Девочка лет пяти-шести, молодые мужчина и женщина стояли рядом. Видимо, Кортунов только что сфотографировал их и теперь выписывал квитанцию. Девочка со смехом бегала вокруг высокой треноги, на которой была прикреплена рамка со снимками-образцами. Опасаясь, как бы она не уронила треногу, Кортунов оборачивался, бросал короткие недовольные взгляды. При этом фотоаппарат с расчехленным объективом мотался на животе.

От места, на котором расположился Кортунов, до ближней скамейки было шагов пятнадцать. Шатохин прошел мимо фотографа и его клиентов, сел на скамейку, положил рядом «дипломат».

Щурясь от солнечных лучей, открыто наблюдал, как рассчитываются сфотографировавшиеся, как Кортунов наклонился, поднял из травы плюшевого медвежонка, куклу в пестром сарафане с пунцовыми пухлыми щеками, положил игрушки на раскладной стульчик.
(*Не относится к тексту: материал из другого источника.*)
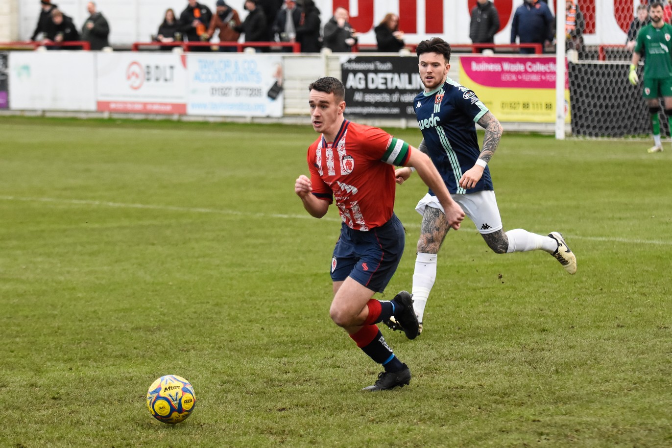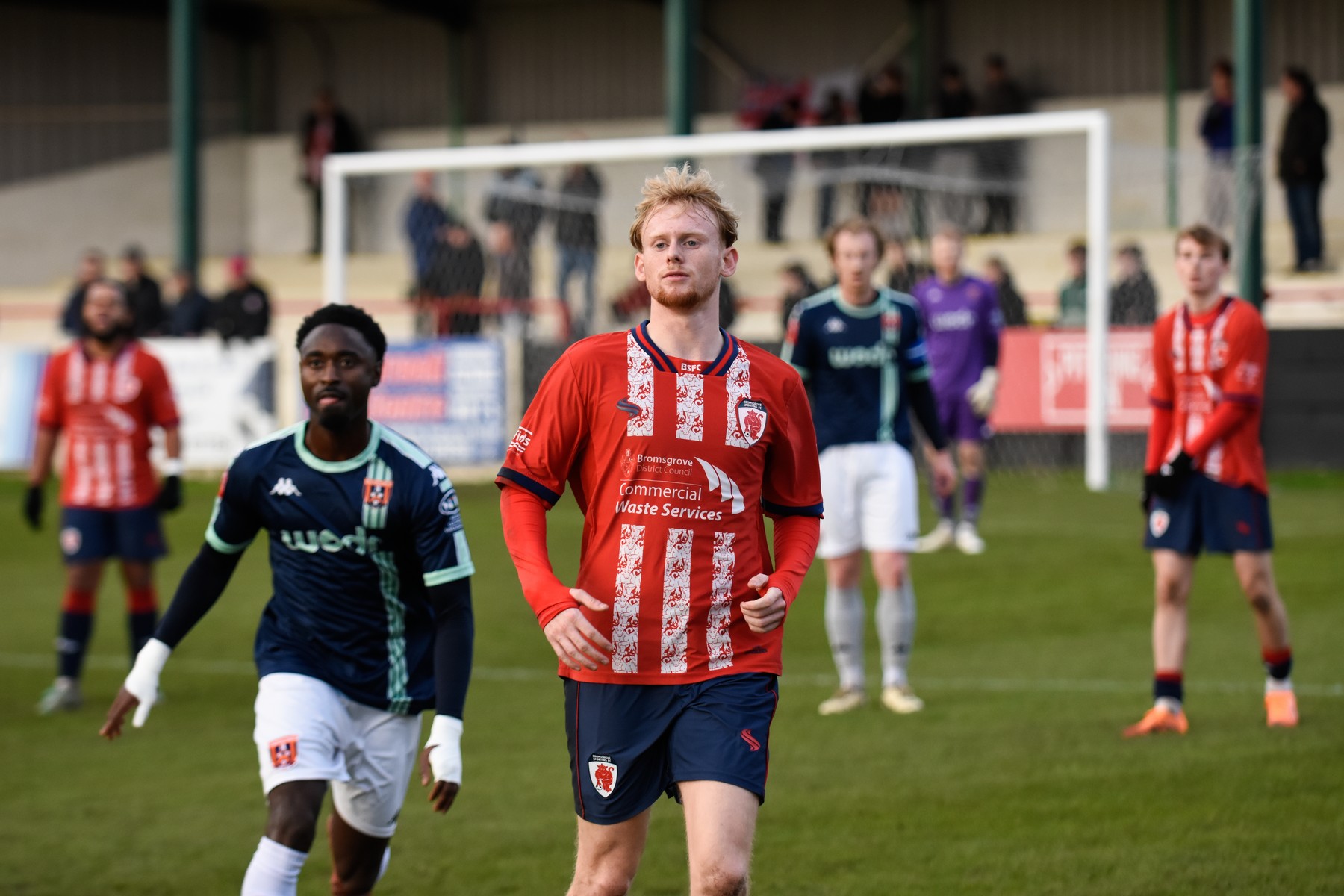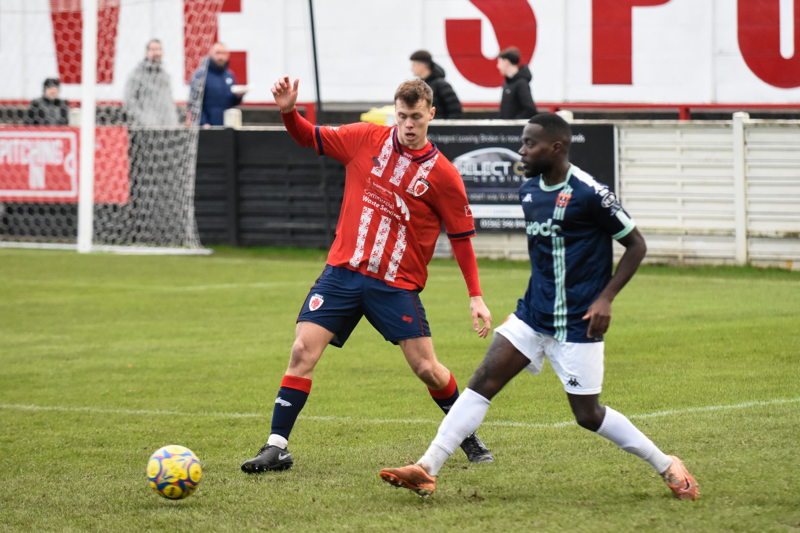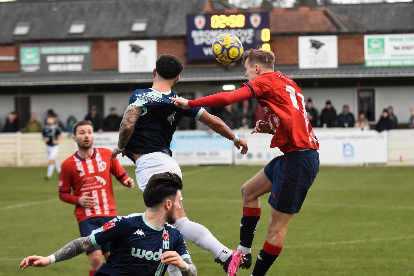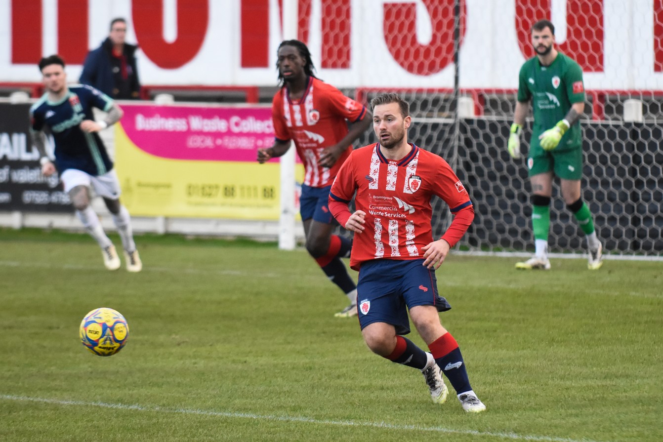 The 53rd minute saw Bromsgrove's Luke Softley have a close range header tipped onto the crossbar by Weaver - two minutes later, Stratford took the lead, as James found the top corner from inside the area.
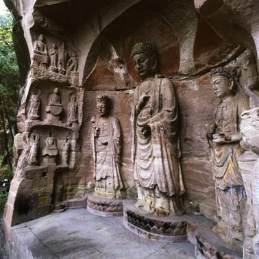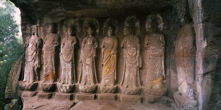 据明代万历年间碑文追述,毗卢洞的石刻造像开创于五代后蜀,之后历代都进行过培修、补刻。这里曾经是五代至北宋年间四川佛教密宗的主要道场之一。尤其是观音堂内雕刻的那尊“水月观音”,群众称她“紫竹观音”,英籍华人作家韩素英把她誉为“东方维纳斯”,是全国少有的北宋石刻艺术珍品。

К Кортунову еще подошли. Две женщины посмотрели образцы и отправились дальше.

Он закурил сигарету, сделал несколько затяжек, выкинул окурок. Шатохин продолжал смотреть в его сторону.

Трудно было не реагировать на близкое соседство. Кортунов сделал несколько шагов в сторону Шатохина.

– Снимемся на память? – предложил. – Можно с видом на Волгу.

– Стоит ли? – ответил Шатохин.

– Дело хозяйское, – не стал уговаривать, вернулся на свое место Кортунов.

Шатохин поднялся, приблизился к треноге, окинул взглядом образцы.

Снимки были обычные. Да и кто сумел бы показать мастерство, щелкая кадр за кадром с одной точки? Отсутствие колоритного фона, подтверждающего, что снимок сделан именно в Калинине, восполняла надпись в левом нижнем углу, выполненная буквами старинного начертания «Градъ Тверь».

– Хочешь заработать? – спросил Шатохин.

– Как?

– Переснять кое-что нужно.

– С собой?

– Да. – Шатохин кивнул на «дипломат».

– Покажи.

– Еще не договорились…

– Если порно, я сразу – пас, – твердо сказал Кортунов.

– Зачем такие страсти, – Шатохин засмеялся. – Предметы искусства. Нужны точные фотокопии. Сумеешь быстро сделать?

– Смогу… Какие предметы?

– Снимать будешь, увидишь.

Кортунов помолчал. Возможно, прикидывал, кем может быть незнакомец и стоит ли иметь с ним дело. Спросил:

– Когда надо?

– Сегодня.

– А размеры, штук сколько?

– Пять. Каждый снимок в трех экземплярах. Формат… – Шатохин взял со скамейки свой «дипломат», провел пальцем сверху вниз по середине крышки: дескать, размер – половина этого.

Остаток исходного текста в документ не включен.